[Opening RECORD EXCERPTS section]

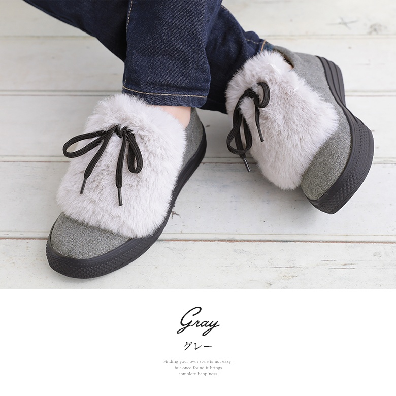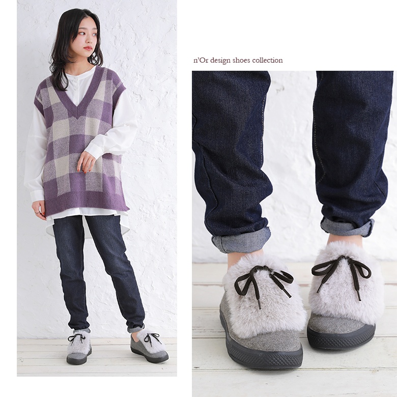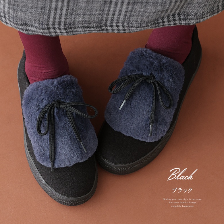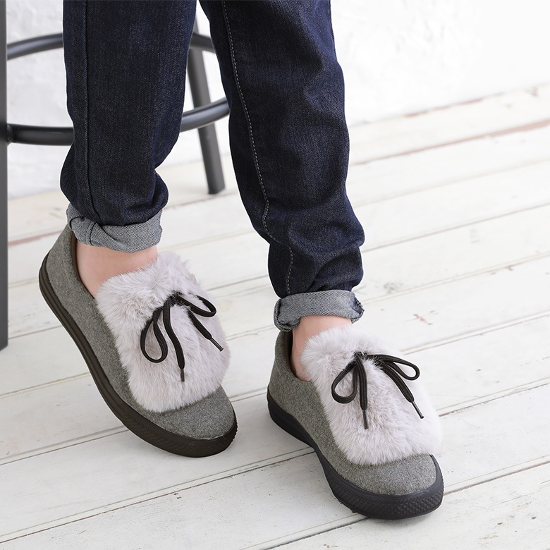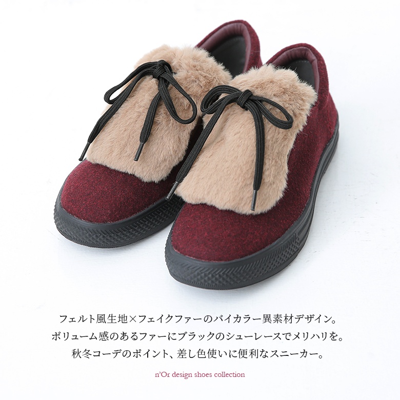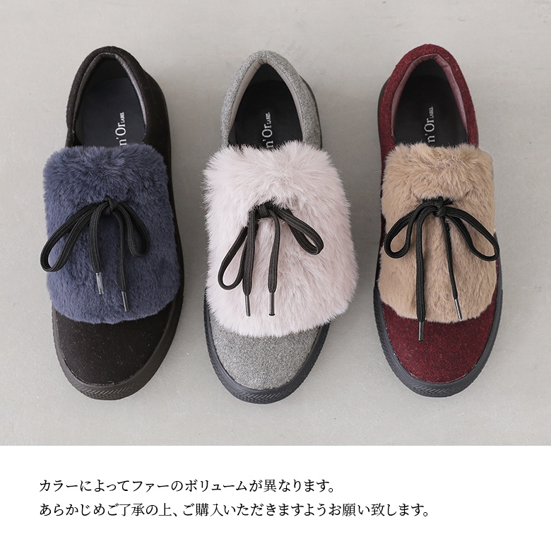 フェルト風生地×フェイクファーのバイカラーが映える異素材デザイン。ボリューム感のあるファーにブラックのシューレースでメリハリをつけて、これからの季節のスタイリングに差し色としてお洒落のポイントになります。
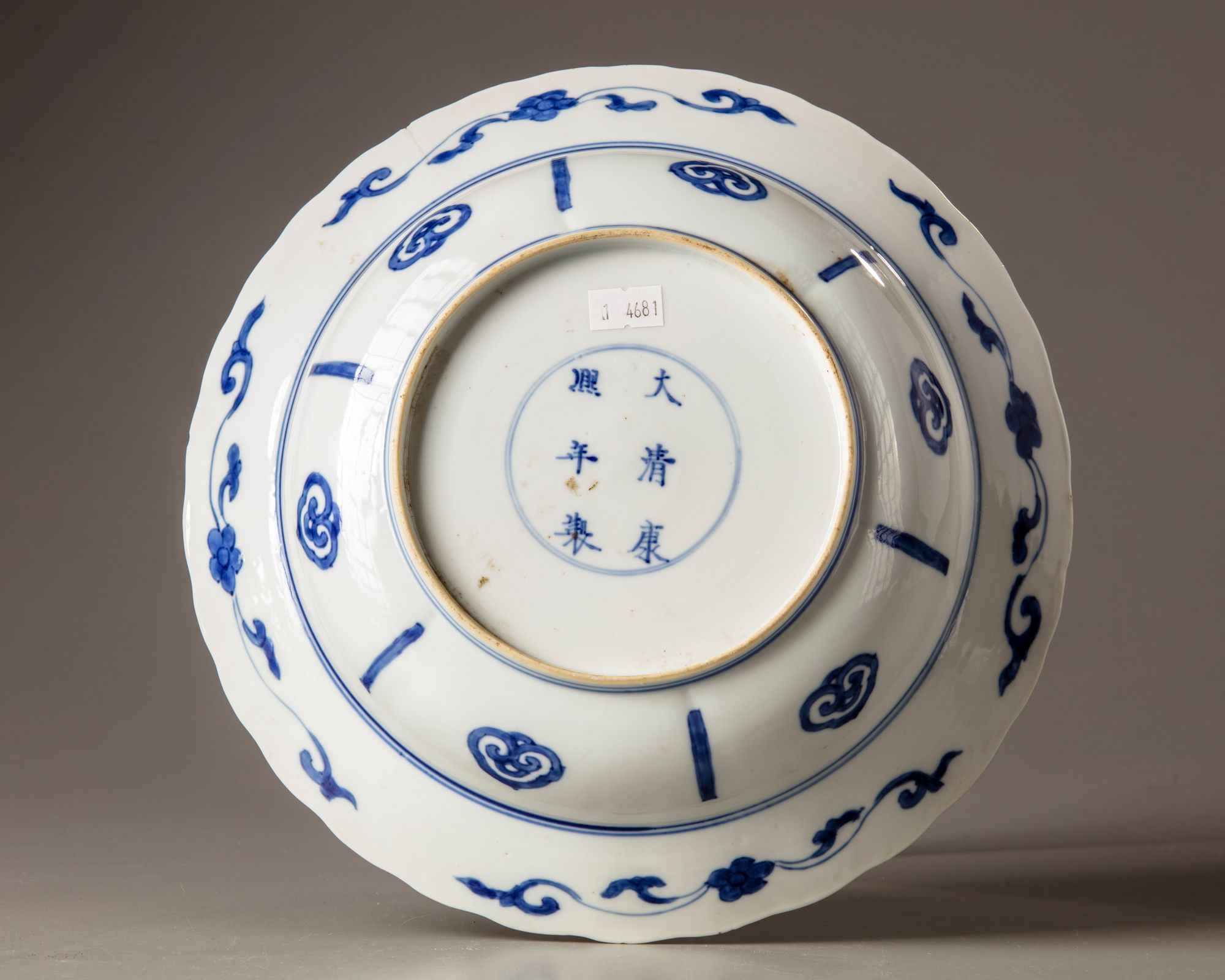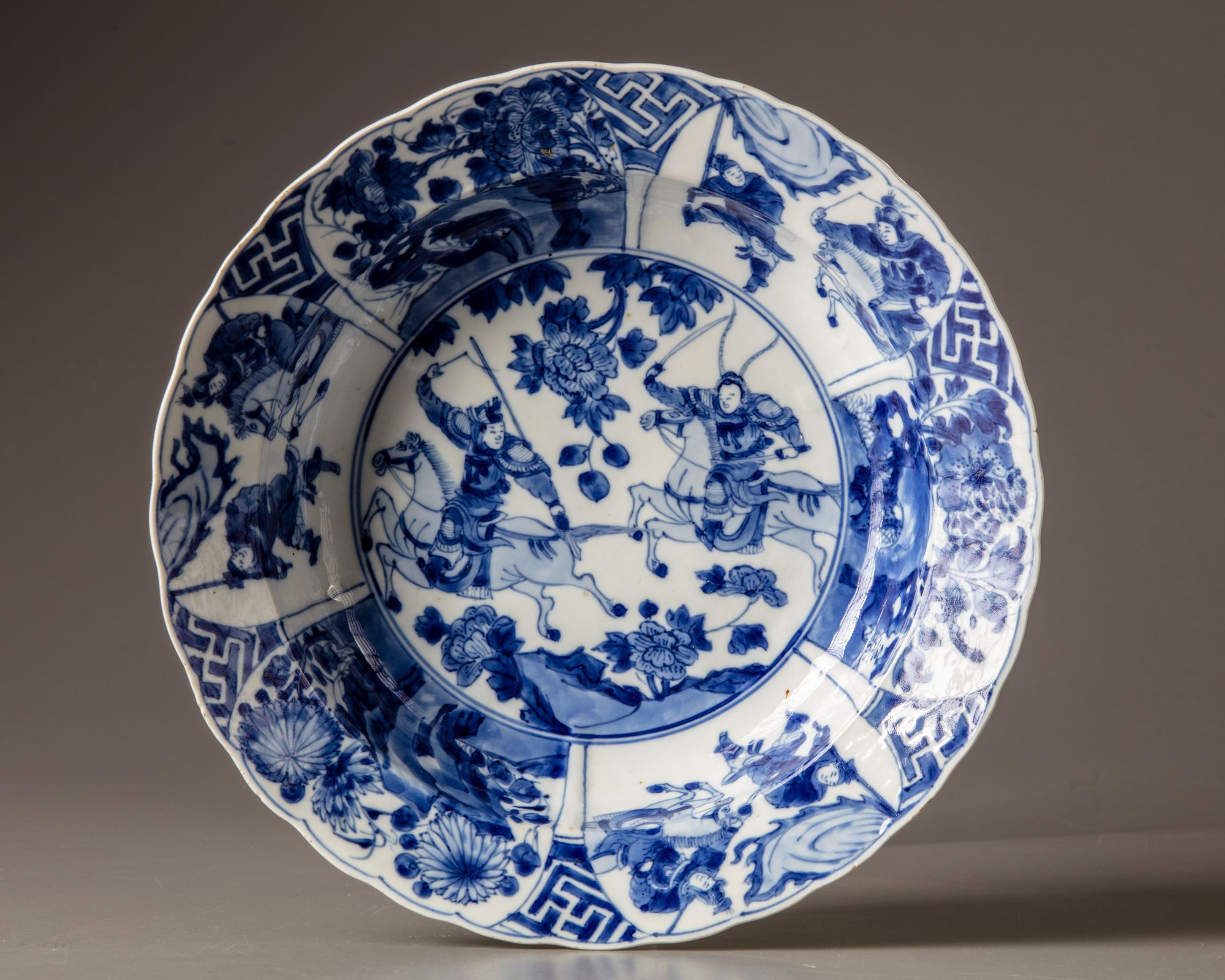 Kangxi six-character mark in underglaze blue within a double circle and of the period (1662-1722) Decorated to the centre with a roundel enclosing two warriors amongst flowers, surrounded by flower-shaped panels enclosing alternating warriors sand flowers growing from rocks, all reserved on a wan-pattern ground. The reverse decorated with flower scrolls and ruyi heads.
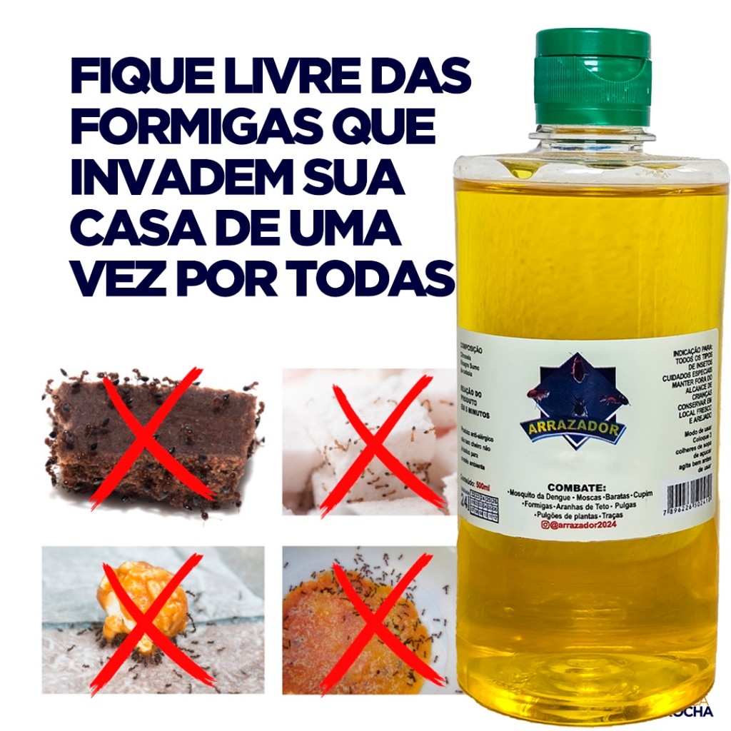 MATA FORMIGAS ARRAZADOR SEM CHEIRO 100% NATURAL - QUÍMICA ROCHA ATENÇÃO!!!! -> Produto 100% natural e sem cheiro, ideal para uso doméstico. Não prejudica pets e plantas. Utilize com segurança em qualquer ambiente. BENEFÍCIOS: Eficaz contra diversas pragas: formigas, baratas, moscas, lagartas, aranhas, pulgões, traças e cupins. Sem odor: Proporciona um ambiente limpo e sem cheiro desagradável após a aplicação. 100% natural: Seguro para uso doméstico, livre de componentes químicos agressivos. Pronto para uso: Acompanha borrifador para facilitar a aplicação. FICHA TÉCNICA: Tipo de produto: Natural Composição: Sumo de cebola, Vinagre e citronela. Volume: 1 litro Eficácia: Formigas, baratas, moscas, lagartas, aranhas, traças, cupins e outros insetos. Aplicação: Ambientes internos e externos Acessório: Borrifador incluso O QUE ACOMPANHA O PRODUTO? 500ml de Arrazador Sem Cheiro Natural 1 Borrifadores para facilitar a aplicação DÚVIDAS FREQUENTES: Minha compra é segura? Toda transação realizada na Shopee é processada em ambiente seguro. Se seu produto não for entregue, a Shopee devolve o seu dinheiro. O produto é prejudicial para pets? O produto não é prejudicial para pets, desde que seus tutores mantenham o local bem higienizado após a aplicação. Limpe o local após 2h de aplicação para evitar que seus pets tenham acesso aos insetos mortos. Proteja sua casa e ambiente de trabalho contra infestações de formigas de forma eficaz e segura com o Mata Formigas Arrazador Sem Cheiro Natural, distribuído pela Química Rocha.
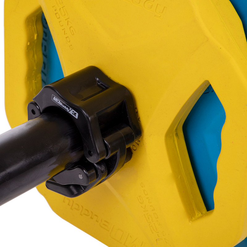 Блины на штанге фиксируются при помощи замков из нейлона повышенной прочности. Они изготовлены в виде хомутов, зажимной механизм которых приводится в действие широким рычагом-клавишей.
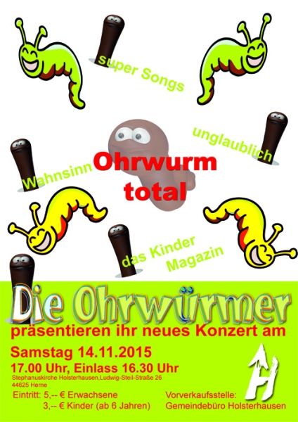 lautete das Konzert, zu dem am Samstag, den 14. November 2015, der Kinderchor Die Ohrwürmer in die Stephanuskirche eingeladen hatte. Ein bunter Mix an Liedern und Themen wurde in Form einer Fernsehsendung präsentiert.
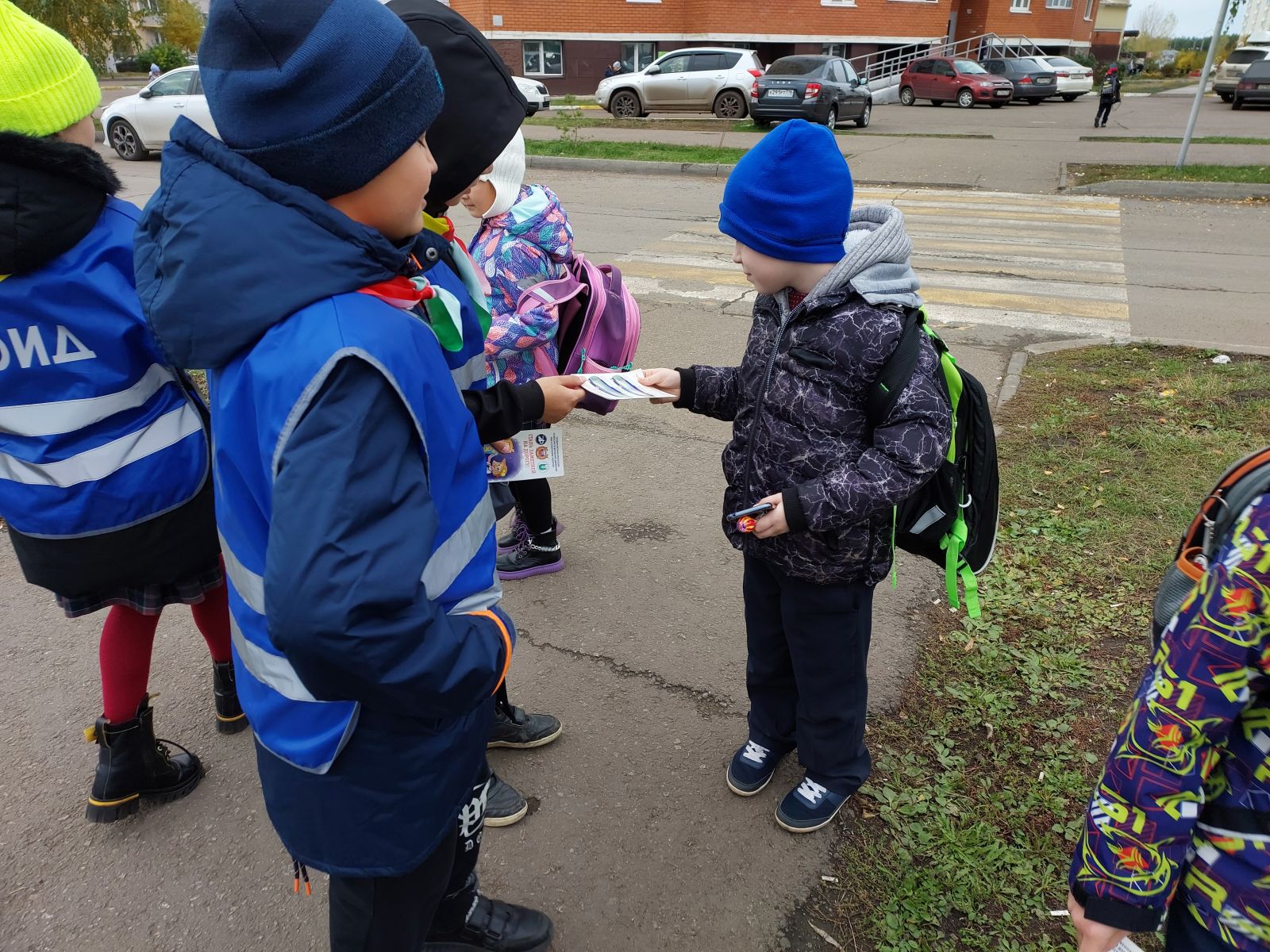 10 ноября школьный отряд ЮИД "Дорожный патруль" (4А класс, руководитель Тухфатуллина Г.Ш.) вышел на рейд на пешеходный переход на остановке "65-ый комплекс" с целью наблюдения за поведением пешеходов на проезжей части, раздачей памяток по ПДД для родителей, памяток о детском удерживающем кресле и с целью напоминания пешеходом о необходимости соблюдения ПДД. В ходе рейда юными инспекторами были выявлены 3 нарушителя: 1 велосипедист, не спешившийся на пешеходном переходе, и 2 пешехода, переходившие дорогу, смотря в телефон. С некоторыми из нарушителей ЮИДовцам удалось провести профилактическую беседу, указать на их нарушения.

[Closing RECORD EXCERPTS section]

=== WHAT THE TASK ASKS ===
Leave every picture out and retype exactly the lines of the records above from the one holding "lautete das Konzert, zu" through the last, both ends included and nothing besides.

=== RESPONSE TO THE EXERCISE ===
 lautete das Konzert, zu dem am Samstag, den 14. November 2015, der Kinderchor Die Ohrwürmer in die Stephanuskirche eingeladen hatte. Ein bunter Mix an Liedern und Themen wurde in Form einer Fernsehsendung präsentiert.
 10 ноября школьный отряд ЮИД "Дорожный патруль" (4А класс, руководитель Тухфатуллина Г.Ш.) вышел на рейд на пешеходный переход на остановке "65-ый комплекс" с целью наблюдения за поведением пешеходов на проезжей части, раздачей памяток по ПДД для родителей, памяток о детском удерживающем кресле и с целью напоминания пешеходом о необходимости соблюдения ПДД. В ходе рейда юными инспекторами были выявлены 3 нарушителя: 1 велосипедист, не спешившийся на пешеходном переходе, и 2 пешехода, переходившие дорогу, смотря в телефон. С некоторыми из нарушителей ЮИДовцам удалось провести профилактическую беседу, указать на их нарушения.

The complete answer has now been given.